Liam lunged for Jackson out of nowhere, his eyes bright and gold. The moment Liam launched himself off the couch, Theo felt it happening and grabbed for him on instinct. He got Liam’s arm and the back of his shirt, but that wasn’t good enough. Theo was pulled to his feet by Liam’s pure brute force. He could already see himself being pulled into a fight next, but then Liam stopped. He stopped and let Theo haul him back, glowering at Jackson the whole time.

"That's exactly why saving the world should be adults only," Jackson said distastefully.

"We're eighteen," Lydia said. "Your mom had to rent your car for you like an hour ago."

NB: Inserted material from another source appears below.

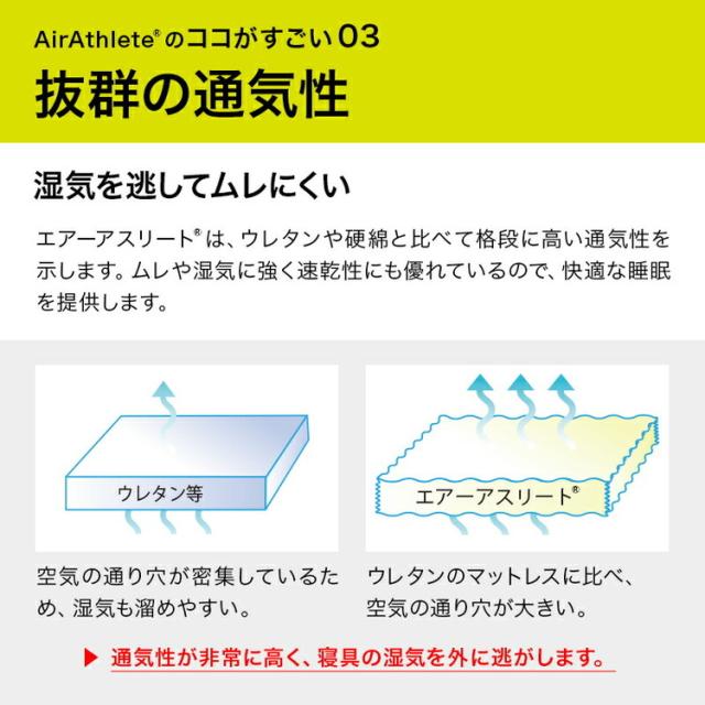 湿気を逃がしてむれにくい。エアアスリートはウレタンや固綿と比べて格段に高い通気性を示します。蒸れや湿気に強く速乾性にも優れているので快適な睡眠を提供します。

"She's not my mom," Jackson grumbled.

"Not this again," Stiles sighed, staring dramatically at the ceiling. "You were adopted into the richest family in the county, it's not like you're the poor little matchstick girl."

Stiles didn't like Jackson, and the feeling was definitely mutual. “Why are you even here? Aren't you kind of busy being a cop?” Jackson said.

The resulting argument that exploded out of that was something that Theo didn't want to be at the center of. Didn't want Liam to be at the center of, what with Liam's anger issues making a sudden reappearance, so he took Liam by the shoulders and walked him away, towards another corner of the room. The one without weapons or electronics. "You need to cool down," he said to Liam, but Liam was fuming too intently to listen. So Theo kept them both moving until they were almost all the way in the corner. He pushed Liam up against one of the walls, making sure he was between Liam and everyone else, and then they just stood there. Theo's hands were still on Liam's shoulders, he realized after a second, and became very aware of his palms. They were warm.

Liam's jaw was set for all of a few moments until he wrenched his gaze away from Jackson and looked at Theo. The moment they made eye contact, the anger faded.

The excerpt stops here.